Not feeling well today again, sick, aching, breathless. I want to be back in Cornwall to see the beautiful ocean rolling greeny blue and jelly like into the distance. I want to go to St Ives to the galleries, but most of all I want to go home to my lovely cottage on the St Ives road.
Feels strange to feel homesick for a place I'd only lived in for 7 years where most of the inhabitants were unfriendly. Here I am in the Cotswolds, with beautiful scenery and honey coloured houses, working in some of the most magnificent properties owned by the National Trust, and all I want to do is go home.
I think it would ease the pain of life to look out the window and see the cows in the field opposite trying to clamber into the front garden, to hear Sue next door hoovering at 8 am just before she went to work. Go into my back garden and see the sea and everyones coloured towels flapping in the sea breeze. To see my dear cats in the garden, my Rose Samson and Sabrina. Have my son come down for his holidays. Sit on the sticky Sennen sand and look for the mer-people who are supposed to sing there at sunset. A land of magic. Bereavement after bereavement - I don't know how much more I can take.
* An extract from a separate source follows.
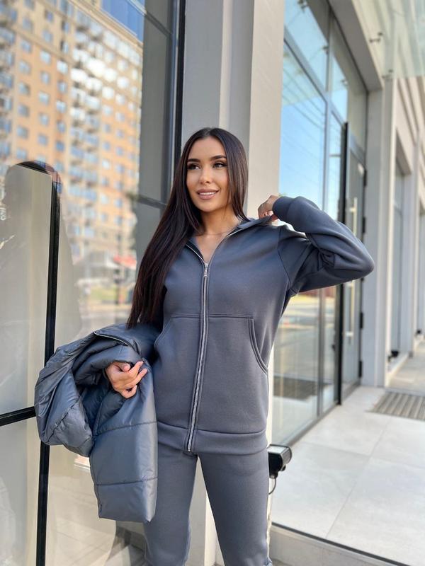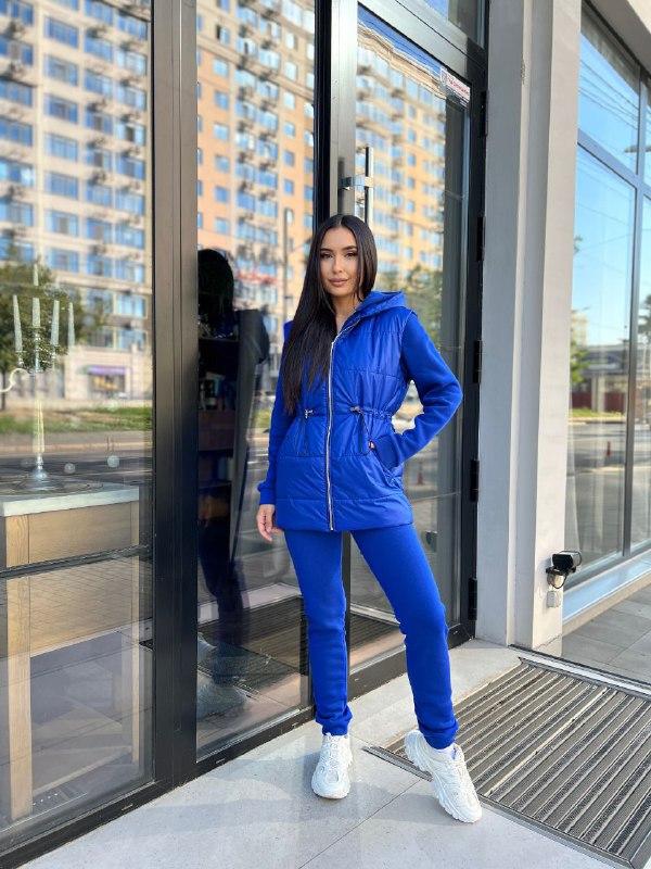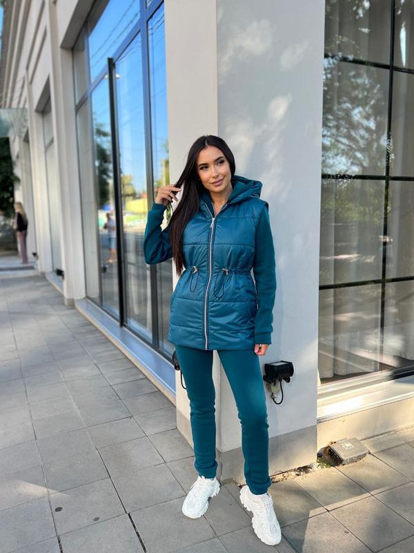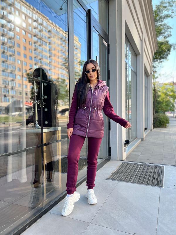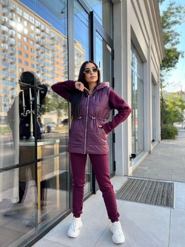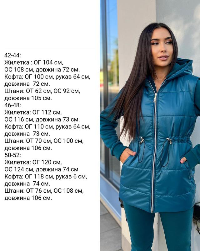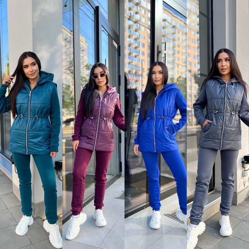 Костюм женский тройка👑 ✔Размер - 42-44, 46-48, 50-52. ✔Ткань - тренирит на флисе, жилетка синтипон 150✔Цвета: графит, бордо, морская волна, синий.Мод.1373\2482

I spent all day writing yesterday which was a good day for me, and the sun is shining cold and bright today,
I have an interview next week for the Natural History Museum. We are buying a tiny weeny bungalow in a village on the borders of Oxfordshire and Warwickshire - we moved up to be nearer friends and family and so my husband could work - but I have no-one here now in this neck of the manicured woods, a few new friends that I hardly see and some old ones who live just as far away.